Arizona Sen. John McCain said Friday that given the truncated timeline, he cannot vote for the health care repeal proposal floated by fellow Republican Sens. Lindsey Graham of South Carolina and Bill Cassidy of Louisiana next week.
“I cannot in good conscience vote for the Graham-Cassidy proposal. I believe we could do better working together, Republicans and Democrats, and have not yet really tried. Nor could I support it without knowing how much it will cost, how it will affect insurance premiums, and how many people will be helped or hurt by it,” McCain said. “Without a full [Congressional Budget Office] score, which won’t be available by the end of the month, we won’t have reliable answers to any of those questions.”

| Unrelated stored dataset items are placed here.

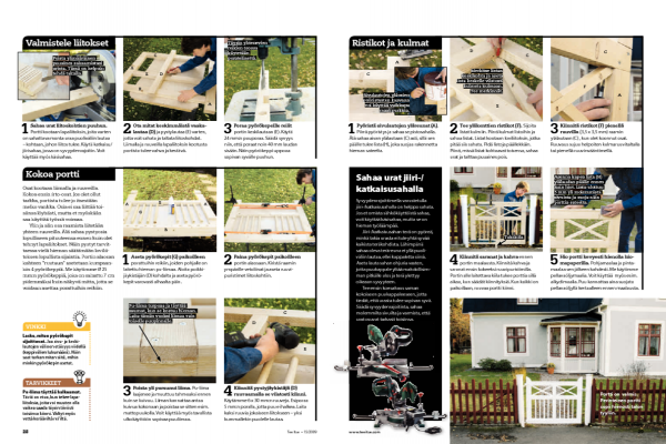 Osat kootaan liimalla ja ruuveilla. Kokoa ensin irto-osat. Jos olet ollut tarkka, portista tulee jo itsestään melko vankka. Osia ei saa liittää toisiinsa löyhästi, mutta et myöskään saa käyttää työssä voimaa.
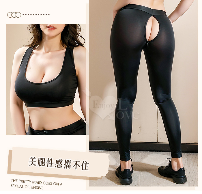 【棉花糖女孩】大尺碼情趣睡衣!冰絲順滑緊身小可愛 × 雙頭拉鍊免脫瑜珈褲|機能二件組﹝灰﹞
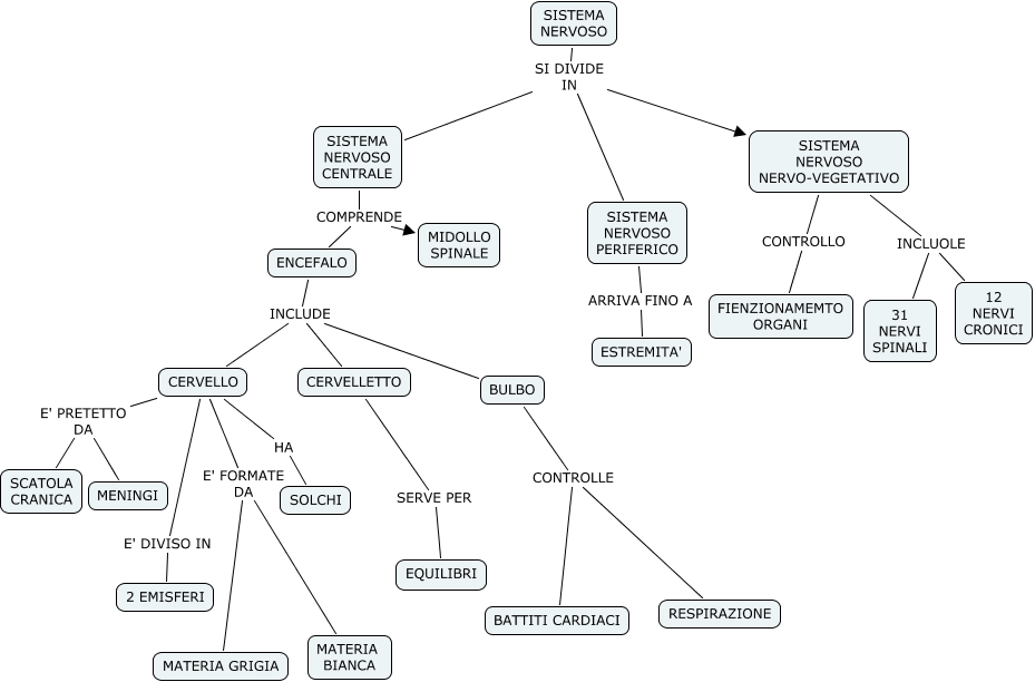 Questa Cmap, creata con IHMC CmapTools, contiene informazioni relative a: SISTEMA NERVOSO, BULBO CONTROLLE RESPIRAZIONE, SISTEMA NERVOSO PERIFERICO ARRIVA FINO A ESTREMITA', BULBO CONTROLLE BATTITI CARDIACI, SISTEMA NERVOSO CENTRALE COMPRENDE ENCEFALO, SISTEMA NERVOSO NERVO-VEGETATIVO INCLUOLE 31 NERVI SPINALI, CERVELLETTO SERVE PER EQUILIBRI, SISTEMA NERVOSO NERVO-VEGETATIVO INCLUOLE 12 NERVI CRONICI, SISTEMA NERVOSO SI DIVIDE IN SISTEMA NERVOSO PERIFERICO, CERVELLO E' FORMATE DA MATERIA GRIGIA, CERVELLO HA SOLCHI, SISTEMA NERVOSO SI DIVIDE IN SISTEMA NERVOSO CENTRALE, CERVELLO E' FORMATE DA MATERIA BIANCA, ENCEFALO INCLUDE CERVELLO, SISTEMA NERVOSO SI DIVIDE IN SISTEMA NERVOSO NERVO-VEGETATIVO, CERVELLO E' DIVISO IN 2 EMISFERI, SISTEMA NERVOSO CENTRALE COMPRENDE MIDOLLO SPINALE, CERVELLO E' PRETETTO DA SCATOLA CRANICA, SISTEMA NERVOSO NERVO-VEGETATIVO CONTROLLO FIENZIONAMEMTO ORGANI, ENCEFALO INCLUDE BULBO, ENCEFALO INCLUDE CERVELLETTO

McCain’s announced opposition makes it unlikely, if not impossible, that Republicans will be able to muster the 50 votes needed to get a bill through the Senate. McCain was the deciding vote that doomed the previous effort.
And with Sens. Rand Paul of Kentucky and Susan Collins of Maine also considered opposed to the proposal it appears unlikely Republicans will reach the 50 votes needed to pass it with Vice President Mike Pence’s vote.
Graham has been McCain’s closest friend in the Senate, and there was some question as to whether the South Carolina senator could get his colleague from Arizona on board. Graham said he respected McCain’s decision, although he disagreed with it.
“My friendship with John McCain is not based on how he votes but respect for how he’s lived his life and the person he is,” Graham said in a statement. “Obamacare is collapsing in Arizona, South Carolina, and across the nation — driving up premiums and reducing choices. I feel an obligation to fix this disaster and intend to push forward for state-centric health care versus Washington-knows-best health care.”
The fast-track budget procedure known as reconciliation that Republicans were using to advance the bill expires on Sept. 30, forcing the GOP to try to ram through a list-minute bill that several Senate aides said there was still significant confusion over.